Post by: Nizzle on 19/01/2012 06:16:02
I think, since electricity has become so crucial in our current society, that windmill generators,  hydroelectric power plants and other electricity generating structures that do not require resources to be kept running will become the nuclei for communities after the apocalypse.
Title: Re: Could humanity survive if 99.9% of humans were wiped out?
Post by: Sprool on 20/01/2012 14:55:37
I think, since electricity has become so crucial in our current society, that windmill generators,  hydroelectric power plants and other electricity generating structures that do not require resources to be kept running will become the nuclei for communities after the apocalypse.
Surely if our 'current society' is put through such an apocalyptic change, then the old values abpout what is so important will no longer apply? If everything electrical ceases to function then wind farms and hydroelectrics will also have little value.
Title: Re: Could humanity survive if 99.9% of humans were wiped out?
Post by: CliffordK on 20/01/2012 16:19:29
Depending on how it would happen, one would have to learn to redistribute the wealth of the dead, without devolving into complete anarchy, and still respect the rights of the living.

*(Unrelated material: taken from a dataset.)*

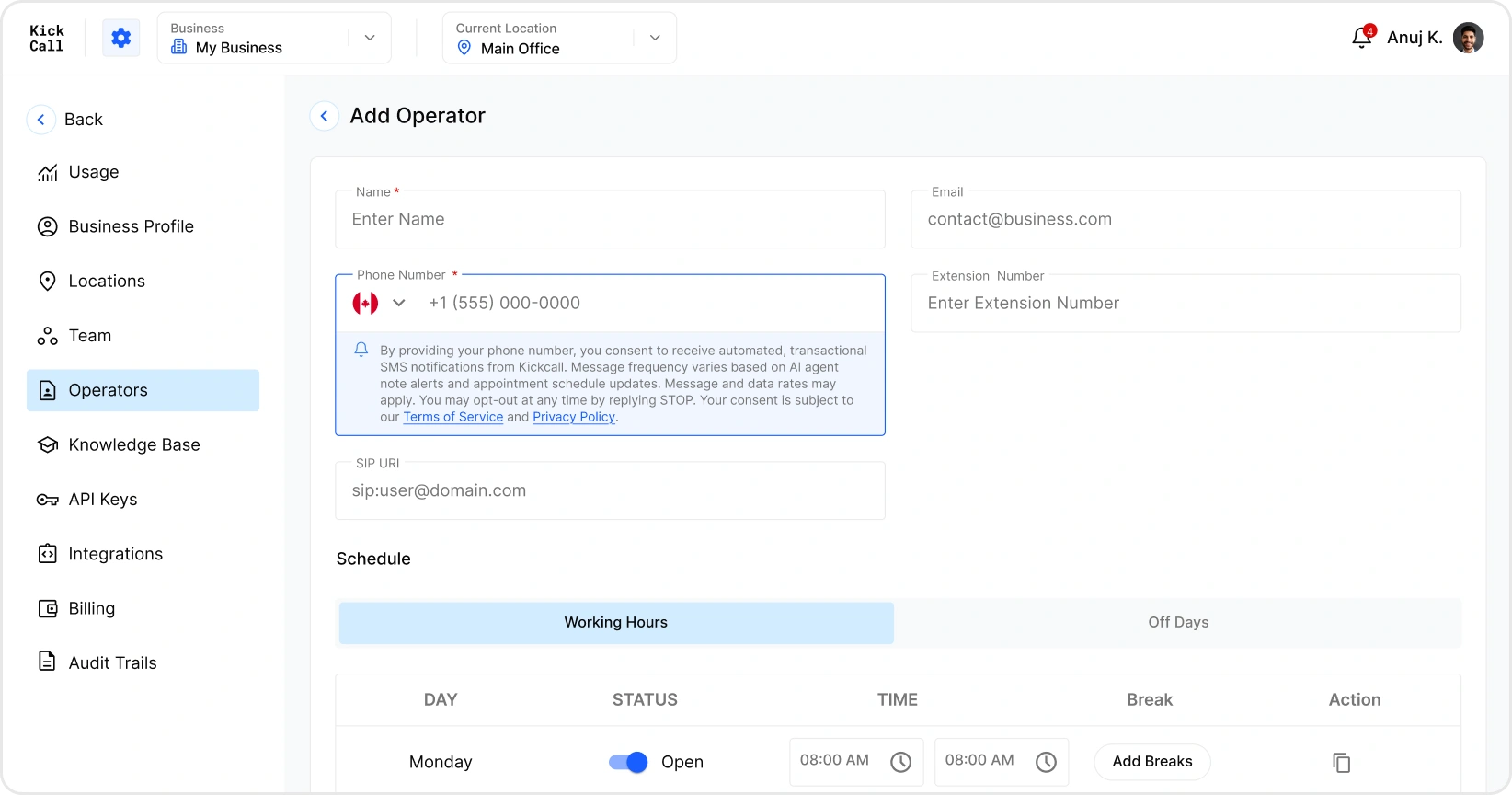 "By providing your phone number, you consent to receive automated, transactional SMS notifications from Kickcall. Message frequency varies based on AI agent note alerts and appointment schedule updates. Message and data rates may apply. You may opt-out at any time by replying STOP."

As long as the equipment could be maintained, one farmer could still feed 1000 people which would mean people could continue specialized tasks.  '

Many of the big hydroelectric installations should last 100 years with minimal maintenance, although the power distribution grids would require periodic maintenance which could overwhelm a "skeleton crew".  One might choose to relocate and rebuild some industry near the power generation facilities.

Perhaps the longevity of the race would depend on whether we have visionaries looking towards the future, or if everyone just chooses to fend for themselves, and live off of the past.

After all, if one could collect 1000 toasters, when would one have to make a new one?
Title: Re: Could humanity survive if 99.9% of humans were wiped out?
Post by: Donnah on 30/01/2012 04:17:24
We need to hope that included in the surviving .1% are staff of nuclear facilities. 

http://en.wikipedia.org/wiki/List_of_nuclear_reactors

You might be as surprised as I was to see how many there are.